**What you will do:** What you return should be the full listing, copied exactly and stripped of its pictures.

**Data section:**
%%
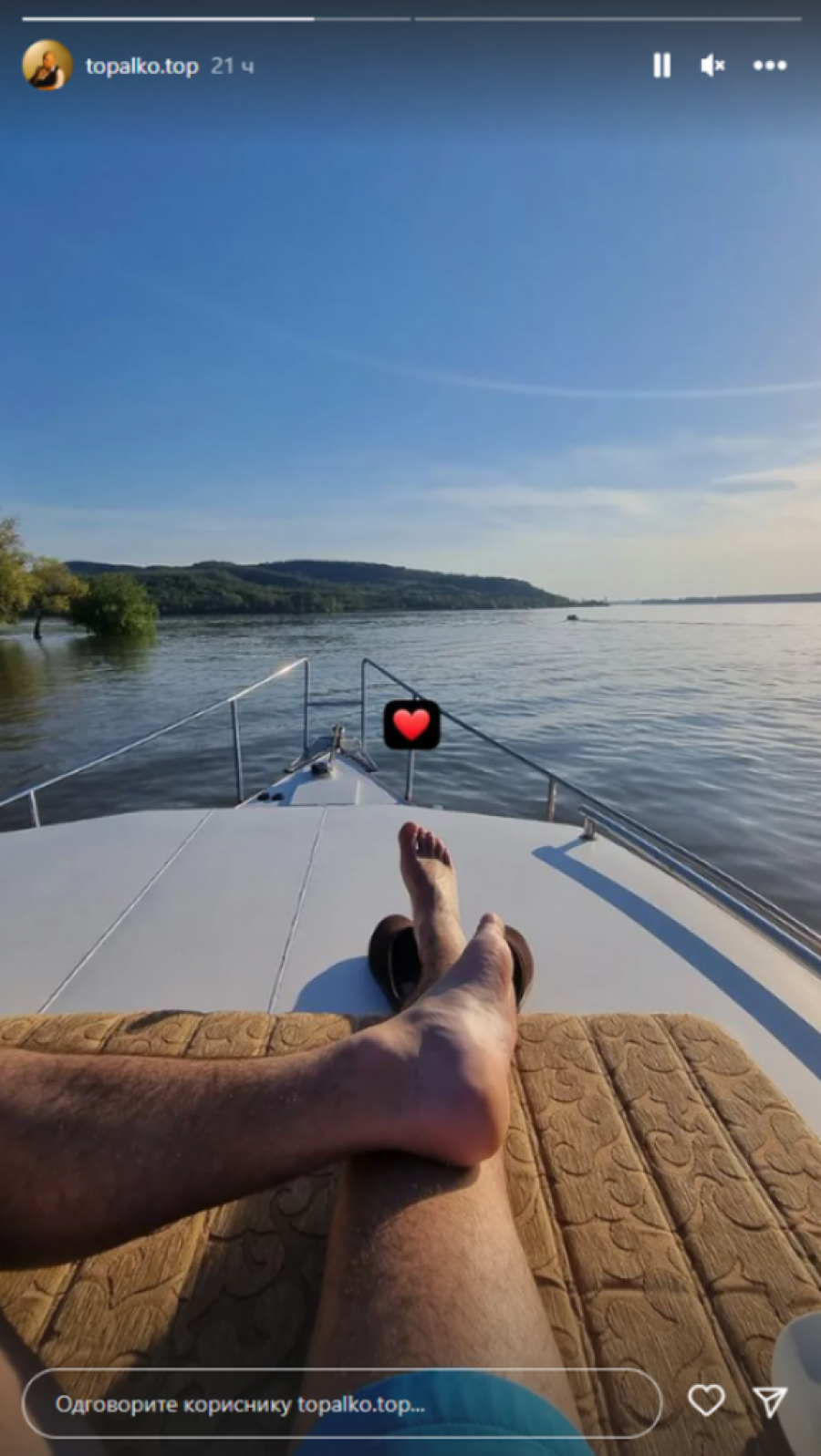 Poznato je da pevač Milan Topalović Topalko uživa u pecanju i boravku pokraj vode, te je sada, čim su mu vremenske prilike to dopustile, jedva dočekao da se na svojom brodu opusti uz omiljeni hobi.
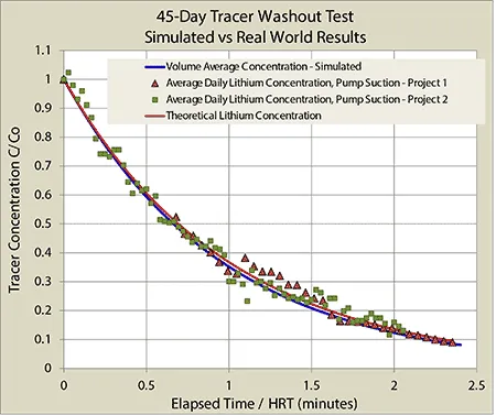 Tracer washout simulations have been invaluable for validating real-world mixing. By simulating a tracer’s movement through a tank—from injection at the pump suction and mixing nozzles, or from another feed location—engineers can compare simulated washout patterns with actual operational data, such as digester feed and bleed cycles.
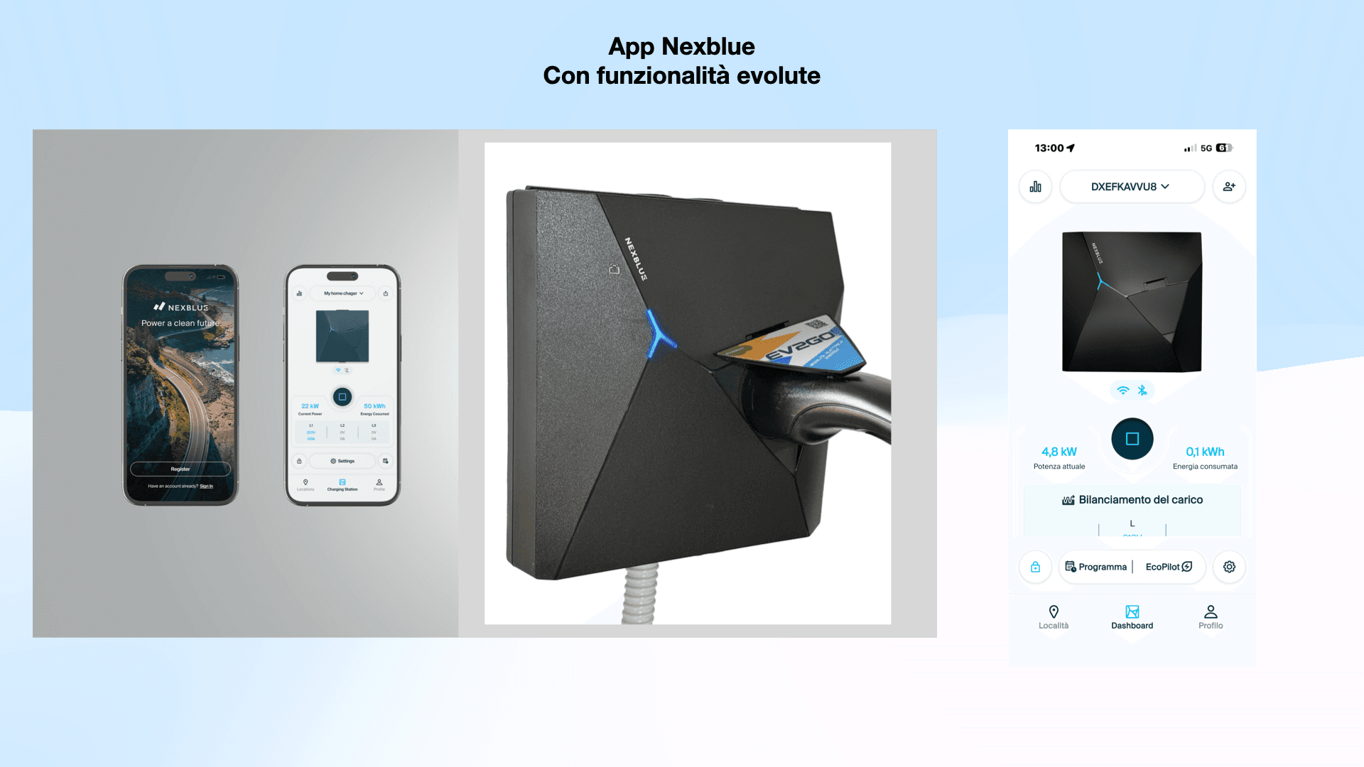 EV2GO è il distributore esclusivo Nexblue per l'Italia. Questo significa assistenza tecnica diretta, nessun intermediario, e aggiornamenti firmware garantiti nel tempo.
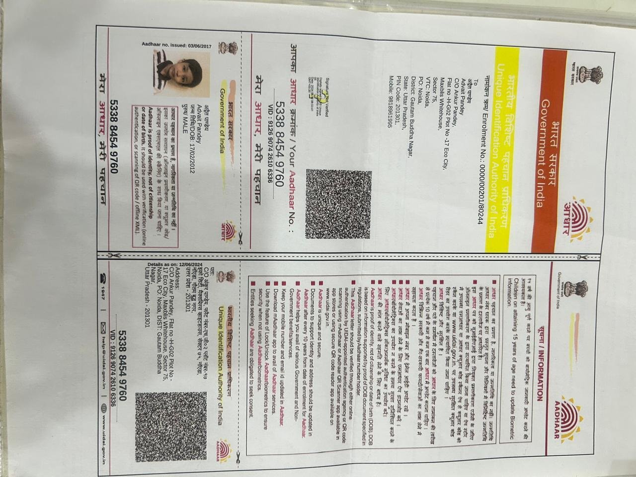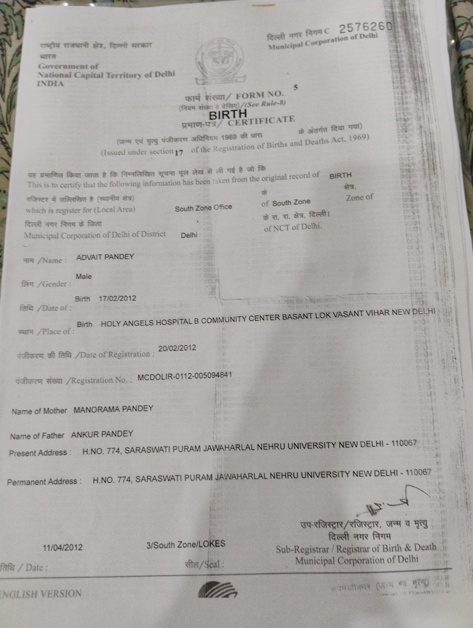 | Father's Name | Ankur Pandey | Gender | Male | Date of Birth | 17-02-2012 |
%%
**Solution to the problem:**
 Poznato je da pevač Milan Topalović Topalko uživa u pecanju i boravku pokraj vode, te je sada, čim su mu vremenske prilike to dopustile, jedva dočekao da se na svojom brodu opusti uz omiljeni hobi.
 Tracer washout simulations have been invaluable for validating real-world mixing. By simulating a tracer’s movement through a tank—from injection at the pump suction and mixing nozzles, or from another feed location—engineers can compare simulated washout patterns with actual operational data, such as digester feed and bleed cycles.
 EV2GO è il distributore esclusivo Nexblue per l'Italia. Questo significa assistenza tecnica diretta, nessun intermediario, e aggiornamenti firmware garantiti nel tempo.
 | Father's Name | Ankur Pandey | Gender | Male | Date of Birth | 17-02-2012 |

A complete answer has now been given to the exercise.